**EXERCISE DETAILS**
Copy out again, unchanged, the listing below from the line that has "모공각화증은 주로 팔, 다리, 엉덩이, 그리고" through the line that has "In conclusion, our".
━━━━━ GIVEN INFORMATION
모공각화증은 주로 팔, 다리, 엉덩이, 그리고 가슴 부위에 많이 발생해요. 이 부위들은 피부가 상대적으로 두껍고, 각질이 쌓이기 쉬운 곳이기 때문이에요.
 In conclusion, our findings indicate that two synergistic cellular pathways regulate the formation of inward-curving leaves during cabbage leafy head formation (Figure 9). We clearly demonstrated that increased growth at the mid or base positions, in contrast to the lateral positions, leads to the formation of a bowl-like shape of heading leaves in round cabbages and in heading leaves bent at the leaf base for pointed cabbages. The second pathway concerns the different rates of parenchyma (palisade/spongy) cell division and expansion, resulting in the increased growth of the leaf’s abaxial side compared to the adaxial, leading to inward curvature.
━━━━━━━━━━
━━━━━ GIVEN INFORMATION
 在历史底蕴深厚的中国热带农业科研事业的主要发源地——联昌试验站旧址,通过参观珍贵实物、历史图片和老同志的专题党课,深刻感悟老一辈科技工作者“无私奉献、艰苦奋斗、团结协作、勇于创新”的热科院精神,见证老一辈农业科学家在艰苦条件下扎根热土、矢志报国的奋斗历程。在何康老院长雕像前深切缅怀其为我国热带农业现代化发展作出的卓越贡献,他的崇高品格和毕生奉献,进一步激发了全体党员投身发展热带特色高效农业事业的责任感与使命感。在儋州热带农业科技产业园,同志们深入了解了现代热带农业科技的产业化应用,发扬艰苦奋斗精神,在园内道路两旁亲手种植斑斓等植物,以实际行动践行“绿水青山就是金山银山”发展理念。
━━━━━━━━━━
**RESPONSE AREA**
모공각화증은 주로 팔, 다리, 엉덩이, 그리고 가슴 부위에 많이 발생해요. 이 부위들은 피부가 상대적으로 두껍고, 각질이 쌓이기 쉬운 곳이기 때문이에요.
 In conclusion, our findings indicate that two synergistic cellular pathways regulate the formation of inward-curving leaves during cabbage leafy head formation (Figure 9). We clearly demonstrated that increased growth at the mid or base positions, in contrast to the lateral positions, leads to the formation of a bowl-like shape of heading leaves in round cabbages and in heading leaves bent at the leaf base for pointed cabbages. The second pathway concerns the different rates of parenchyma (palisade/spongy) cell division and expansion, resulting in the increased growth of the leaf’s abaxial side compared to the adaxial, leading to inward curvature.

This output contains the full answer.